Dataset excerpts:
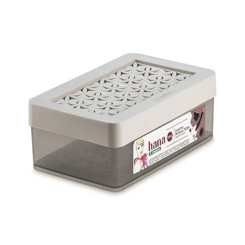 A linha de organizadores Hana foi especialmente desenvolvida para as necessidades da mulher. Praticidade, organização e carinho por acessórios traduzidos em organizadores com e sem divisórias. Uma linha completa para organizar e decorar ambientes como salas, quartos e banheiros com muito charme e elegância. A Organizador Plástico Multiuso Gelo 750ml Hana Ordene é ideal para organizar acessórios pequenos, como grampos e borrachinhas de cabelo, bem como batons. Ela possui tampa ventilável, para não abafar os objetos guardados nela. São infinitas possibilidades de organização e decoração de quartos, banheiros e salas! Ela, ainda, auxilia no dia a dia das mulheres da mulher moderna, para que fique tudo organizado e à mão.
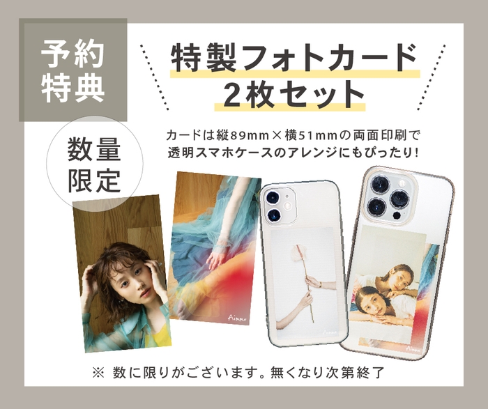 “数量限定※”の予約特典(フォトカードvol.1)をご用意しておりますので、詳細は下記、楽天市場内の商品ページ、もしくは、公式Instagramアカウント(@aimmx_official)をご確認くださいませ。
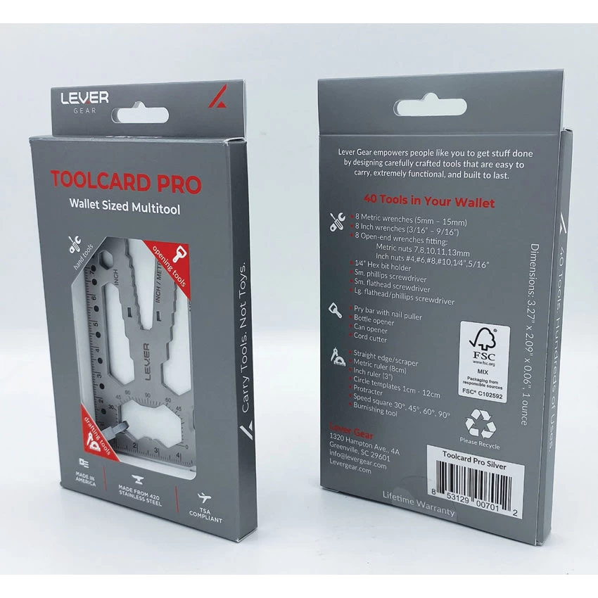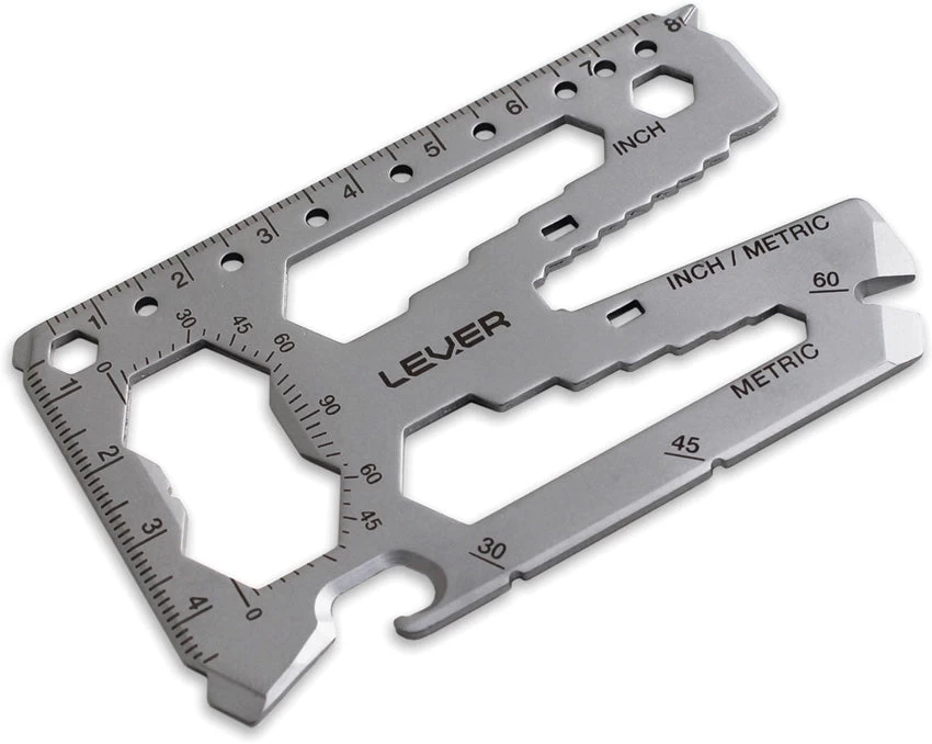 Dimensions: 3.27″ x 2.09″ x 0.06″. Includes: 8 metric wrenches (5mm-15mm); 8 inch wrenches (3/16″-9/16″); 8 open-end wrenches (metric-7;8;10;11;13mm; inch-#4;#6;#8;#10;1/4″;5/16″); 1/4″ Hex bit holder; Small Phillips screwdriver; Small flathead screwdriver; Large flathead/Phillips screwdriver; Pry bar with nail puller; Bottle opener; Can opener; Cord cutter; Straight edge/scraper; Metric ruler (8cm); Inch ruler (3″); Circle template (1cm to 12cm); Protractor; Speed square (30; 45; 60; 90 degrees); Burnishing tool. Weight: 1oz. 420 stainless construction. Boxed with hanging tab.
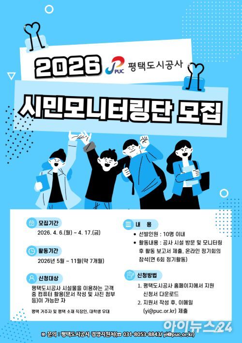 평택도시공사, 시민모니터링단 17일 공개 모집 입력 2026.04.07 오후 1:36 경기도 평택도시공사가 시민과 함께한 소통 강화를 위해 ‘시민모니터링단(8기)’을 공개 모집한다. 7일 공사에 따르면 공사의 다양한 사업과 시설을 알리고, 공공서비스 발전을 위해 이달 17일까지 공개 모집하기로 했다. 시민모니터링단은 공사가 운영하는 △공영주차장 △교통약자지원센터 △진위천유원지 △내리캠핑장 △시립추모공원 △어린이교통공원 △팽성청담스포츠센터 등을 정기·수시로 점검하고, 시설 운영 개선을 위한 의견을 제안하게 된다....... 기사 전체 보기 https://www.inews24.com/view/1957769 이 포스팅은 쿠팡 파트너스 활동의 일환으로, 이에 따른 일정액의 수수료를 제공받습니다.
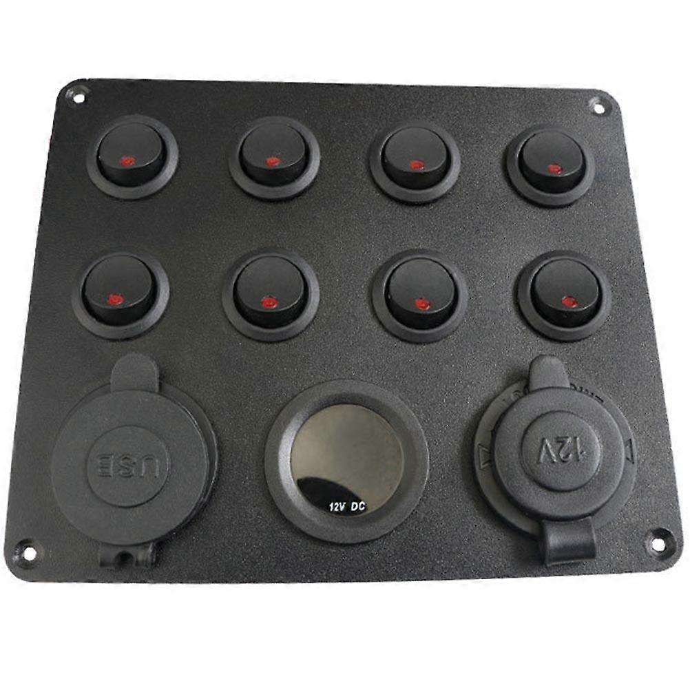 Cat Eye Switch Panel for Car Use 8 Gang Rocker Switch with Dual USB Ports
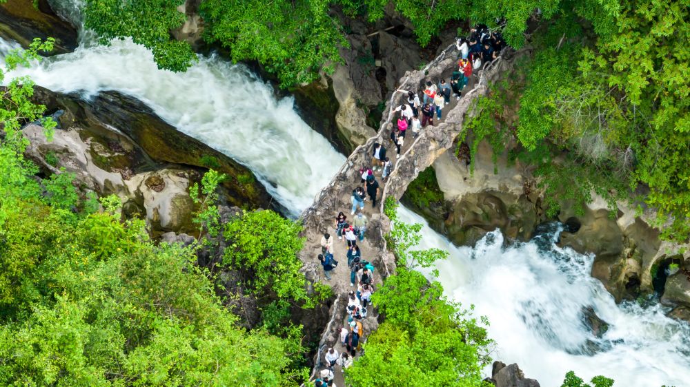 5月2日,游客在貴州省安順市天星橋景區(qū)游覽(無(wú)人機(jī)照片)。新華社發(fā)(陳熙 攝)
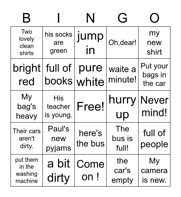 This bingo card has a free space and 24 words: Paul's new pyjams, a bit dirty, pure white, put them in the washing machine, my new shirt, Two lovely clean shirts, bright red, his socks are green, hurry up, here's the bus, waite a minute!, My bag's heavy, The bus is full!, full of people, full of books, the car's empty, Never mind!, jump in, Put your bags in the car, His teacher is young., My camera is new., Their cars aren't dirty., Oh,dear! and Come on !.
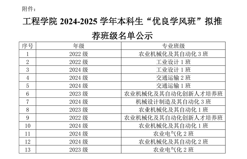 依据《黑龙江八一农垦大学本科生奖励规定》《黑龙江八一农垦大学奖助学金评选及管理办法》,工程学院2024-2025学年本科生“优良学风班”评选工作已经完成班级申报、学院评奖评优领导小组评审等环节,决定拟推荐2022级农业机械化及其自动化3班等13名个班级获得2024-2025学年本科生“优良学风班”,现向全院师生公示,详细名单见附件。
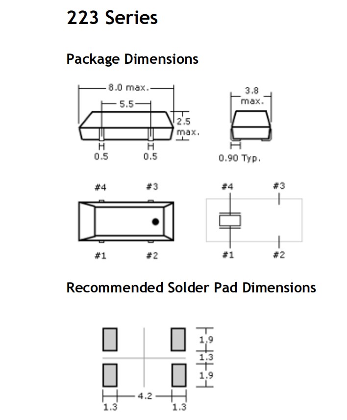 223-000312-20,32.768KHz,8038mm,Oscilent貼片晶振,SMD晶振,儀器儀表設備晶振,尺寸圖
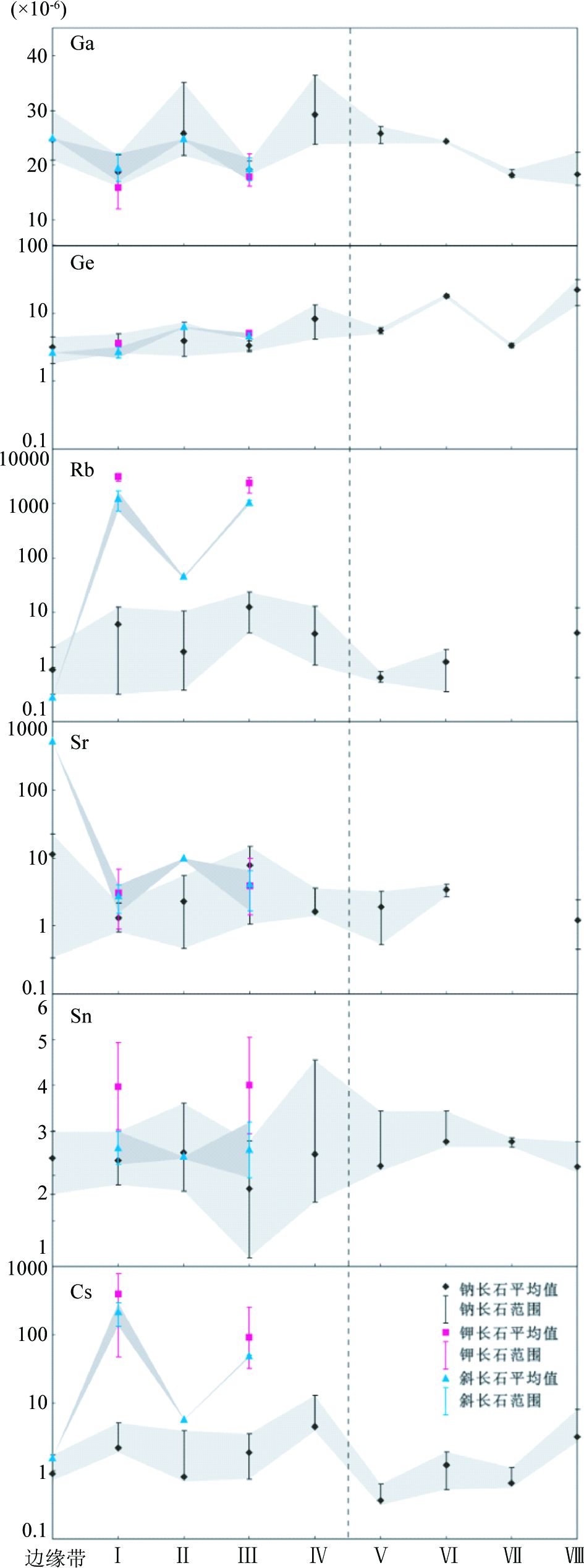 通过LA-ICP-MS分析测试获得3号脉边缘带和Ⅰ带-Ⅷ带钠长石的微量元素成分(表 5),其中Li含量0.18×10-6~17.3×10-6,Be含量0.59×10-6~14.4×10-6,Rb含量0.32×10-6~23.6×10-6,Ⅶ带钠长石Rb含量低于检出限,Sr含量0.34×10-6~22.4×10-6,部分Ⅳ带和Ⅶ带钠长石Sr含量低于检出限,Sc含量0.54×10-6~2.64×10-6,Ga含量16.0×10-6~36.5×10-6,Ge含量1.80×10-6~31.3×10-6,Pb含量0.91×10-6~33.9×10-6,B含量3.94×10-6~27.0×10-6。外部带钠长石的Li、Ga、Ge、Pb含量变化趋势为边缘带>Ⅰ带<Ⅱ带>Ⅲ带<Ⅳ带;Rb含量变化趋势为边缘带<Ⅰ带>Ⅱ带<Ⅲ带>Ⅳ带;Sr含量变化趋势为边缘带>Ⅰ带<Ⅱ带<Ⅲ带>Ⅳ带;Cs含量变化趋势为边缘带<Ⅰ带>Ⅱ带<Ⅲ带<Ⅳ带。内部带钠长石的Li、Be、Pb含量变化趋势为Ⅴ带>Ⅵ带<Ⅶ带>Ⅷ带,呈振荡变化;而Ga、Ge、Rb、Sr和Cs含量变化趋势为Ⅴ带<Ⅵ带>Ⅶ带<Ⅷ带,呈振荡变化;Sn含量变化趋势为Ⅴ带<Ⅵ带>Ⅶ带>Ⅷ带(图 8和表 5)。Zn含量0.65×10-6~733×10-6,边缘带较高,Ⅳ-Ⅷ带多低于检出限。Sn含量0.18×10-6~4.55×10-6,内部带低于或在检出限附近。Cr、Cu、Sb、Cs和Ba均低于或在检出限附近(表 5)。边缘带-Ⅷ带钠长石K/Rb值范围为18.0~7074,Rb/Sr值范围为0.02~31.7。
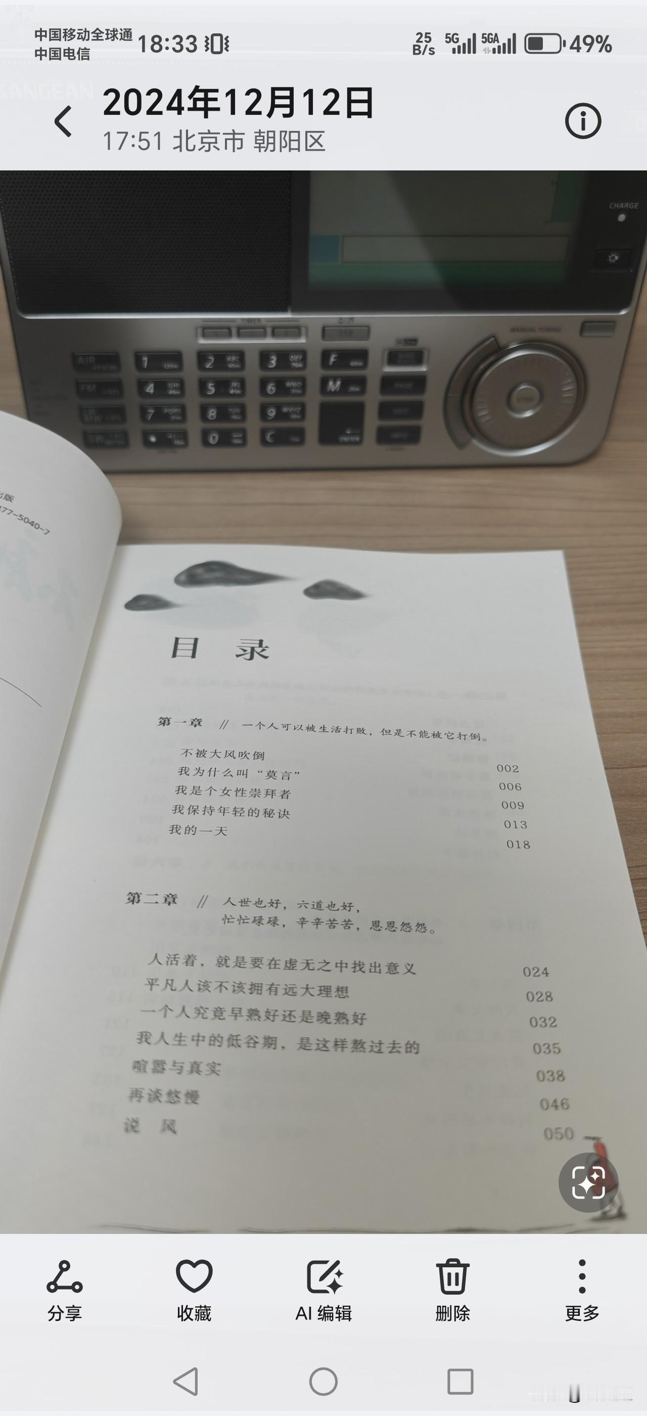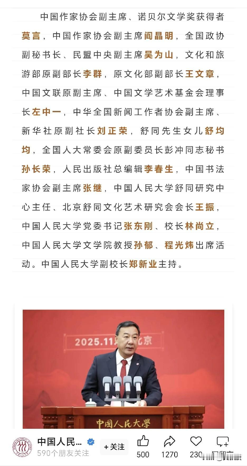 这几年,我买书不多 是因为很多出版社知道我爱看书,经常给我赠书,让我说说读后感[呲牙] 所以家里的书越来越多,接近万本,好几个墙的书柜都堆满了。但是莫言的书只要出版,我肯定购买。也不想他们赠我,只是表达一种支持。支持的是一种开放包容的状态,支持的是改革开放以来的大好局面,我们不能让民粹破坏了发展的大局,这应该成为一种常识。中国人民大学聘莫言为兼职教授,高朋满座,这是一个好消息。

YOUR ASSIGNMENT: Please retype the records above exactly, but leave out any pictures.

TASK SOLUTION:
 A linha de organizadores Hana foi especialmente desenvolvida para as necessidades da mulher. Praticidade, organização e carinho por acessórios traduzidos em organizadores com e sem divisórias. Uma linha completa para organizar e decorar ambientes como salas, quartos e banheiros com muito charme e elegância. A Organizador Plástico Multiuso Gelo 750ml Hana Ordene é ideal para organizar acessórios pequenos, como grampos e borrachinhas de cabelo, bem como batons. Ela possui tampa ventilável, para não abafar os objetos guardados nela. São infinitas possibilidades de organização e decoração de quartos, banheiros e salas! Ela, ainda, auxilia no dia a dia das mulheres da mulher moderna, para que fique tudo organizado e à mão.
 “数量限定※”の予約特典(フォトカードvol.1)をご用意しておりますので、詳細は下記、楽天市場内の商品ページ、もしくは、公式Instagramアカウント(@aimmx_official)をご確認くださいませ。
 Dimensions: 3.27″ x 2.09″ x 0.06″. Includes: 8 metric wrenches (5mm-15mm); 8 inch wrenches (3/16″-9/16″); 8 open-end wrenches (metric-7;8;10;11;13mm; inch-#4;#6;#8;#10;1/4″;5/16″); 1/4″ Hex bit holder; Small Phillips screwdriver; Small flathead screwdriver; Large flathead/Phillips screwdriver; Pry bar with nail puller; Bottle opener; Can opener; Cord cutter; Straight edge/scraper; Metric ruler (8cm); Inch ruler (3″); Circle template (1cm to 12cm); Protractor; Speed square (30; 45; 60; 90 degrees); Burnishing tool. Weight: 1oz. 420 stainless construction. Boxed with hanging tab.
 평택도시공사, 시민모니터링단 17일 공개 모집 입력 2026.04.07 오후 1:36 경기도 평택도시공사가 시민과 함께한 소통 강화를 위해 ‘시민모니터링단(8기)’을 공개 모집한다. 7일 공사에 따르면 공사의 다양한 사업과 시설을 알리고, 공공서비스 발전을 위해 이달 17일까지 공개 모집하기로 했다. 시민모니터링단은 공사가 운영하는 △공영주차장 △교통약자지원센터 △진위천유원지 △내리캠핑장 △시립추모공원 △어린이교통공원 △팽성청담스포츠센터 등을 정기·수시로 점검하고, 시설 운영 개선을 위한 의견을 제안하게 된다....... 기사 전체 보기 https://www.inews24.com/view/1957769 이 포스팅은 쿠팡 파트너스 활동의 일환으로, 이에 따른 일정액의 수수료를 제공받습니다.
 Cat Eye Switch Panel for Car Use 8 Gang Rocker Switch with Dual USB Ports
 5月2日,游客在貴州省安順市天星橋景區(qū)游覽(無(wú)人機(jī)照片)。新華社發(fā)(陳熙 攝)
 This bingo card has a free space and 24 words: Paul's new pyjams, a bit dirty, pure white, put them in the washing machine, my new shirt, Two lovely clean shirts, bright red, his socks are green, hurry up, here's the bus, waite a minute!, My bag's heavy, The bus is full!, full of people, full of books, the car's empty, Never mind!, jump in, Put your bags in the car, His teacher is young., My camera is new., Their cars aren't dirty., Oh,dear! and Come on !.
 依据《黑龙江八一农垦大学本科生奖励规定》《黑龙江八一农垦大学奖助学金评选及管理办法》,工程学院2024-2025学年本科生“优良学风班”评选工作已经完成班级申报、学院评奖评优领导小组评审等环节,决定拟推荐2022级农业机械化及其自动化3班等13名个班级获得2024-2025学年本科生“优良学风班”,现向全院师生公示,详细名单见附件。
 223-000312-20,32.768KHz,8038mm,Oscilent貼片晶振,SMD晶振,儀器儀表設備晶振,尺寸圖
 通过LA-ICP-MS分析测试获得3号脉边缘带和Ⅰ带-Ⅷ带钠长石的微量元素成分(表 5),其中Li含量0.18×10-6~17.3×10-6,Be含量0.59×10-6~14.4×10-6,Rb含量0.32×10-6~23.6×10-6,Ⅶ带钠长石Rb含量低于检出限,Sr含量0.34×10-6~22.4×10-6,部分Ⅳ带和Ⅶ带钠长石Sr含量低于检出限,Sc含量0.54×10-6~2.64×10-6,Ga含量16.0×10-6~36.5×10-6,Ge含量1.80×10-6~31.3×10-6,Pb含量0.91×10-6~33.9×10-6,B含量3.94×10-6~27.0×10-6。外部带钠长石的Li、Ga、Ge、Pb含量变化趋势为边缘带>Ⅰ带<Ⅱ带>Ⅲ带<Ⅳ带;Rb含量变化趋势为边缘带<Ⅰ带>Ⅱ带<Ⅲ带>Ⅳ带;Sr含量变化趋势为边缘带>Ⅰ带<Ⅱ带<Ⅲ带>Ⅳ带;Cs含量变化趋势为边缘带<Ⅰ带>Ⅱ带<Ⅲ带<Ⅳ带。内部带钠长石的Li、Be、Pb含量变化趋势为Ⅴ带>Ⅵ带<Ⅶ带>Ⅷ带,呈振荡变化;而Ga、Ge、Rb、Sr和Cs含量变化趋势为Ⅴ带<Ⅵ带>Ⅶ带<Ⅷ带,呈振荡变化;Sn含量变化趋势为Ⅴ带<Ⅵ带>Ⅶ带>Ⅷ带(图 8和表 5)。Zn含量0.65×10-6~733×10-6,边缘带较高,Ⅳ-Ⅷ带多低于检出限。Sn含量0.18×10-6~4.55×10-6,内部带低于或在检出限附近。Cr、Cu、Sb、Cs和Ba均低于或在检出限附近(表 5)。边缘带-Ⅷ带钠长石K/Rb值范围为18.0~7074,Rb/Sr值范围为0.02~31.7。
 这几年,我买书不多 是因为很多出版社知道我爱看书,经常给我赠书,让我说说读后感[呲牙] 所以家里的书越来越多,接近万本,好几个墙的书柜都堆满了。但是莫言的书只要出版,我肯定购买。也不想他们赠我,只是表达一种支持。支持的是一种开放包容的状态,支持的是改革开放以来的大好局面,我们不能让民粹破坏了发展的大局,这应该成为一种常识。中国人民大学聘莫言为兼职教授,高朋满座,这是一个好消息。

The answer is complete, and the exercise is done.